How to complete this task — From the material below, set down exactly the lines that run from the one containing "- Upper extremity" to the one containing "Die Ferienwohnung ist", minus the pictures.

Records shown —
+++

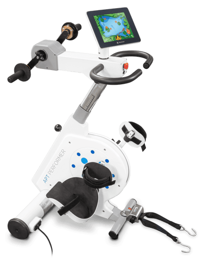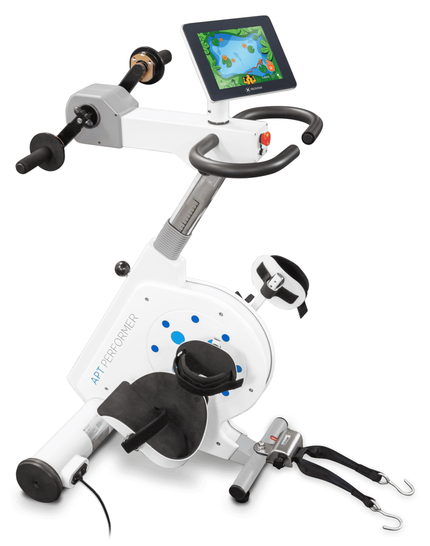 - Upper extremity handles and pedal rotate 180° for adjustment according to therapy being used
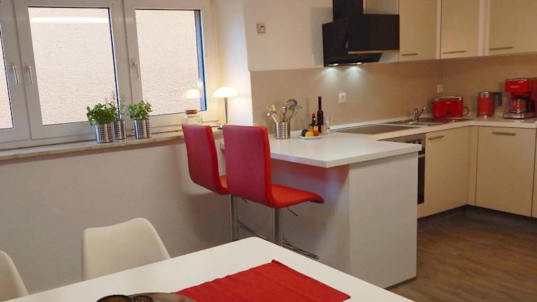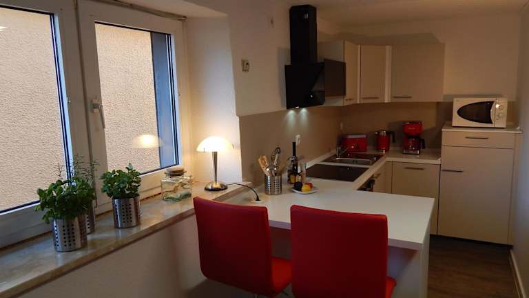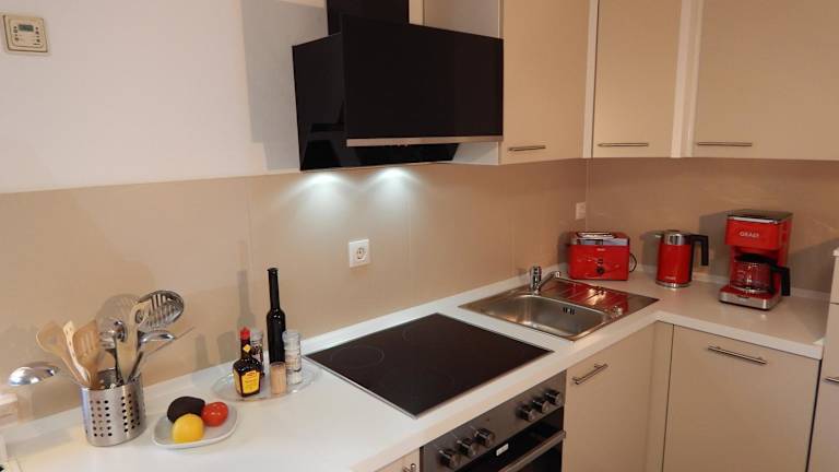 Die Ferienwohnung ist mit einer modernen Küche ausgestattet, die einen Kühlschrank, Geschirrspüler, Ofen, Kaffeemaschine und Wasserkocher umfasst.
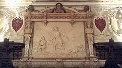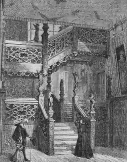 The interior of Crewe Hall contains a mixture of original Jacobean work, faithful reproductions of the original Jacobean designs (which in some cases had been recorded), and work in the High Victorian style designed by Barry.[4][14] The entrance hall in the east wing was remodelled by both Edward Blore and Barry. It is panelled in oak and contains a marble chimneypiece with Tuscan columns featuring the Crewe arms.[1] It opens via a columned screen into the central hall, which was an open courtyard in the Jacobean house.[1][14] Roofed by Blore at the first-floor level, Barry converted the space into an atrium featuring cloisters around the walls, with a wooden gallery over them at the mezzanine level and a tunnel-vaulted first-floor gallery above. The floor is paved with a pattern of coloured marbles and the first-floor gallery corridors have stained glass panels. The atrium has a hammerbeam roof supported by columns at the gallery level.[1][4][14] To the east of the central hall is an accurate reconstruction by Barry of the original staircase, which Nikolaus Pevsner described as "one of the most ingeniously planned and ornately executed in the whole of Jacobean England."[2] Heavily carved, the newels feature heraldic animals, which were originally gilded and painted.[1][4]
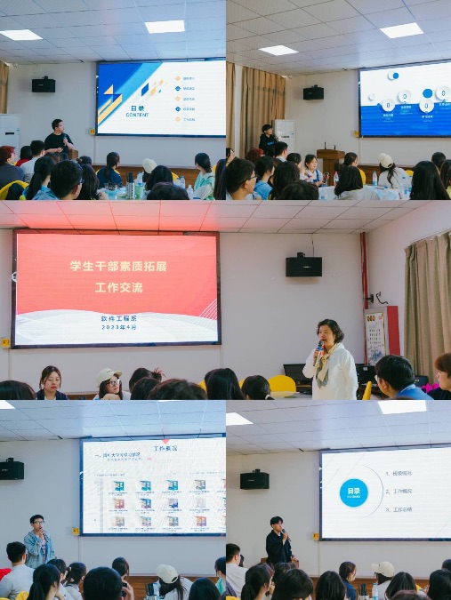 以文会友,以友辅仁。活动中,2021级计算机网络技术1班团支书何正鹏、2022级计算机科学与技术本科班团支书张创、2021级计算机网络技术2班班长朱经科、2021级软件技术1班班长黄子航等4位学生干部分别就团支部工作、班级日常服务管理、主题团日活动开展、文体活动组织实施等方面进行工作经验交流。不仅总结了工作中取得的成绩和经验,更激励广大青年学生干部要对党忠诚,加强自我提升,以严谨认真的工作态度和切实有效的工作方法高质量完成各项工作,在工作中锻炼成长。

+++

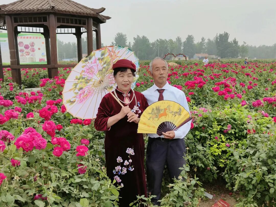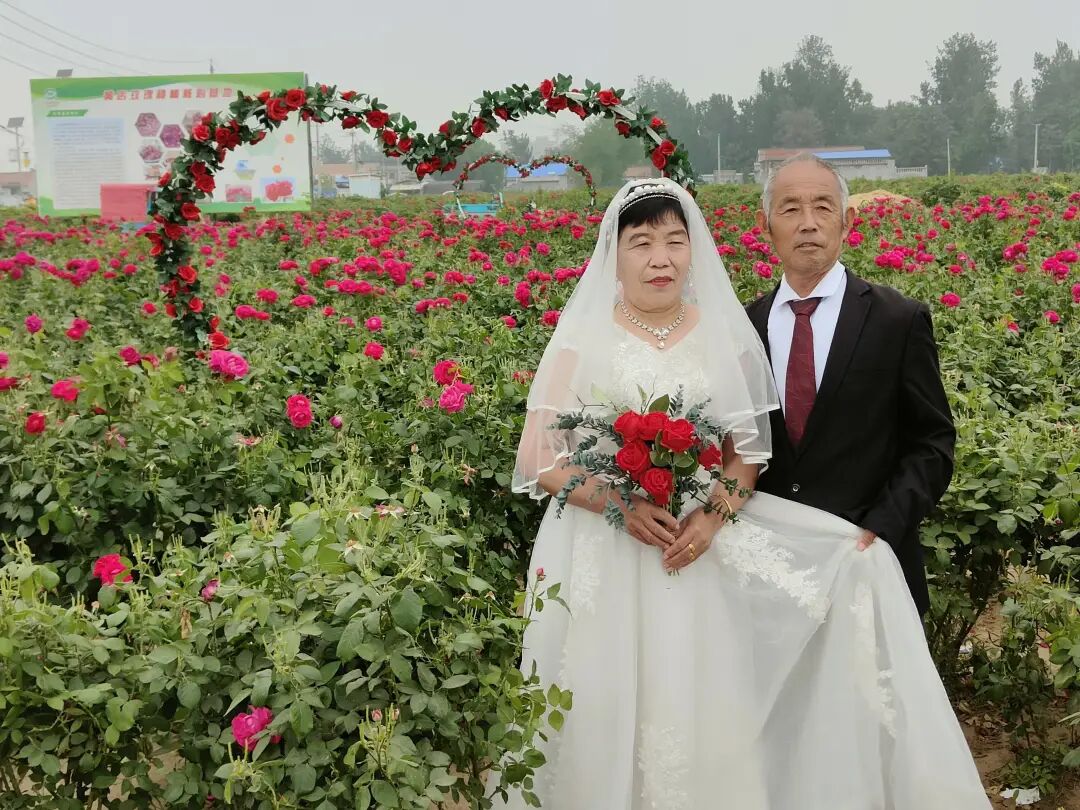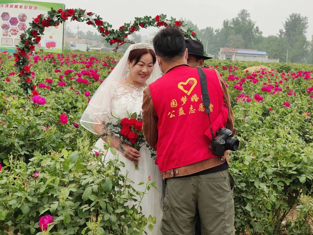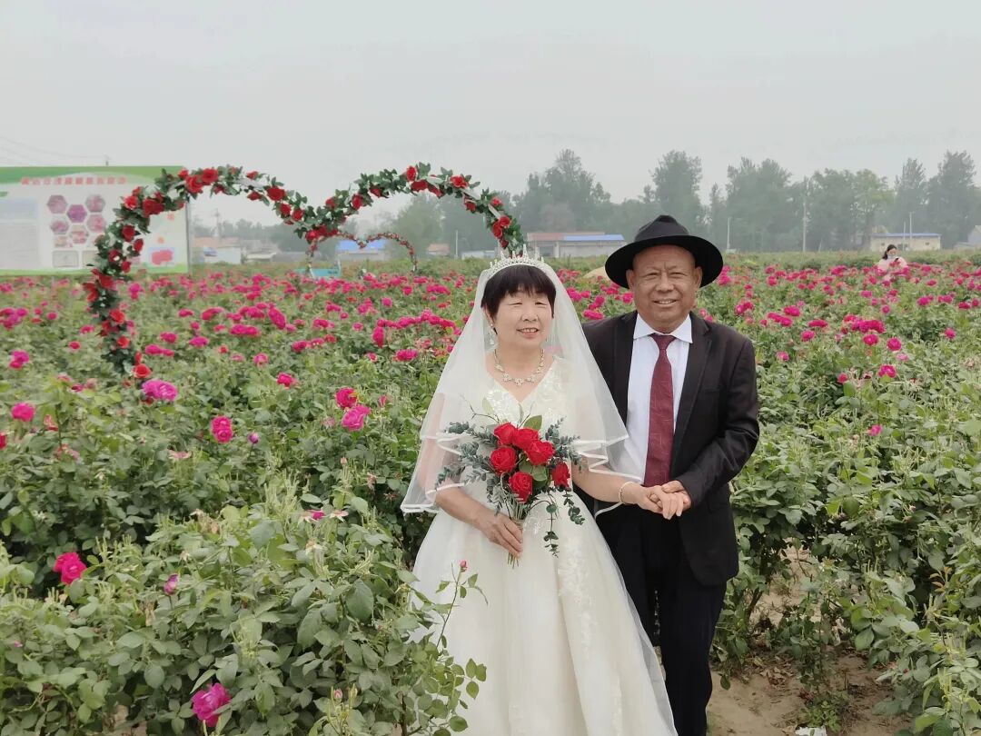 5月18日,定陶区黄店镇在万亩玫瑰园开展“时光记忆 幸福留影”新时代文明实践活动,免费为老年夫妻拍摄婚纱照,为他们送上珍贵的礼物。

+++

Output for this exercise —
 - Upper extremity handles and pedal rotate 180° for adjustment according to therapy being used
 Die Ferienwohnung ist mit einer modernen Küche ausgestattet, die einen Kühlschrank, Geschirrspüler, Ofen, Kaffeemaschine und Wasserkocher umfasst.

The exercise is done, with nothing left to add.